News Analysis

Ruling parties turning to 'fence-sitters' for way out

March 13, 2017 01:20 AM Kosh Raj Koirala


KATHMANDU, March 13: As the country prepares for local-level elections on May 14 after a hiatus of 20 years, the Saptari incident last week has further polarized the already fractured politics of Nepal, leaving the polls uncertain at least in  Province 2. 

The incident has not only made the UML, that remains opposed to constitution amendment,  further stiffen its stand on the issue, but also given some reasonable justification for the agitating United Democratic Madhesi Front (UDMF) to harden its stance in favor of constitutional amendment and withdrawal of the poll decision. 

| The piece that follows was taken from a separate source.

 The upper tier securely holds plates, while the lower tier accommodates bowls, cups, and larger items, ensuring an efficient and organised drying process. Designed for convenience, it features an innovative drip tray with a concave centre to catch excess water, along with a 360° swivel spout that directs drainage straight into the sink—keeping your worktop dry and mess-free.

In an apparent bid to pressure the government, the agitating UDMF, that had supported the Dahal government, is formally withdrawing its support effective from Monday. The  UDMF decision taken against the backdrop of the Saptari incident in which five of its cadres were killed in police gunfire came after the government decided to push forward with the election process and put the constitution amendment bill on hold.

Earlier, Prime Minister Pushpa Kamal Dahal had tried to persuade the UDMF to take part in the election, with a promise to push  the amendment bill forward when they had the requisite two-thirds majority  in  parliament. The ruling parties have failed to garner the two-third majority, given the persistent non-cooperation of the UML-led nine-party opposition alliance.

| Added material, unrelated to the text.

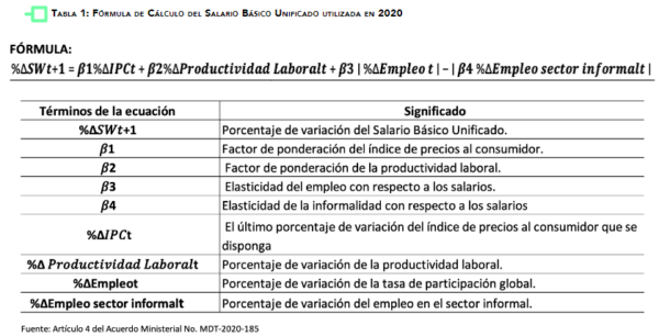 Existe una fórmula para el cálculo del nuevo salario básico unificado la cual entró en vigencia en 2020 y fue utilizada en 2020 y 2021, e ignorada para la determinación del salario en 2022 y 2023, en donde se impuso un criterio político. La fórmula recoge factores técnicos con la intención de que su aplicación esté acorde con la situación del país en cuanto a precios, a producción por trabajador, a la generación de empleo formal y hasta considera que el aumento del empleo informal debe generar una menor subida del salario. Se expresa como se observa y se explica en la Tabla 1. Los coeficientes beta son calculados por el Ministerio de Trabajo, y mientras 1 y 2 provienen de data sólida, en cambio las elasticidades del empleo formal e informal frente al salario ( 3 y 4) no tienen una trayectoria conocida ni registros históricos, por lo que su valor y su cálculo levantan interrogantes.

Under pressure from both the UDMF and the opposition parties, Prime Minister Dahal now appears to be trying to bring on board  the parties that have so far remained 'fence sitters' on the issue of constitution amendment. The prime minister on Thursday inducted into his cabinet RPP Chairman Kamal Thapa, who has remained non-committal on the amendment, even though two of his party colleagues are already  part of the government. 

Political analyst Prof. Krishna Pokharel sees this as an attempt by the prime minister to  pressure  the UML to give up its rigid stance on  constitution amendment. “It appears  the ruling parties are trying to bring the 'fence-sitter' parties on board  to put the UML in a tight corner.  UML will have to be ready to make some compromises at the end should the ruling parties garnered the required votes,” he told Republica.

Sources close to Prime Minister Dahal said quiet negotiations are underway to bring the Bijaya Gachchhadar-led Madhesi People's Rights Forum (Democratic) and a few other fringe parties in the opposition block into the government. Should all the lawmakers of the ruling parties vote for the amendment bill, the ruling coalition will be short of only six votes to secure the required 397 votes.

Currently, the nine-party opposition alliance led by the UML has 201 votes on its side. While the CPN-ML, Nepal Workers  Peasants Party and Janamorcha Nepal and the parties led by Laxman Rajbanshi and Meghraj Nepali Nishad are unlikely to quit the UML-led oposition block, Janmukti Party (Loktantrik) (2 seats), Nepal Family Party (2 seats) and Bahujan Shakti Party (1 seat) led by Biswendra Paswan are seen as  parties that the ruling parties could successfully persuade to quit the opposition alliance.

But as differences over the constitution amendment exist even within the ruling parties, the 'mathematical exercise' is less likely to yield a way out of the current political stalemate and facilitate the election process. “It is understandable that the parties may not be able to meet all the demands. But the way the major parties are working  shows clearly that they are not serious enough towards addressing the constitutional grievances of the agitating parties,” said another political analyst, Prof. Krishna Khanal. "It's high time the top leaders of  both ruling and opposition parties shed their personal egos and  considerations of partisan  gain and loss over the issue of constitutional amementment," he added.

No matter how hard their stances, both the ruling and  opposition parties must go for some 'give and take' on the demands put forth by the agitating parties if they are to hold the three tiers of elections by January 21, 2018 to  implement the constitution and give a political way out for the country. As the clock is ticking, the choice is up to the major parties whether to push the country towards fresh political uncertainty or along the path of sustainable peace and stability.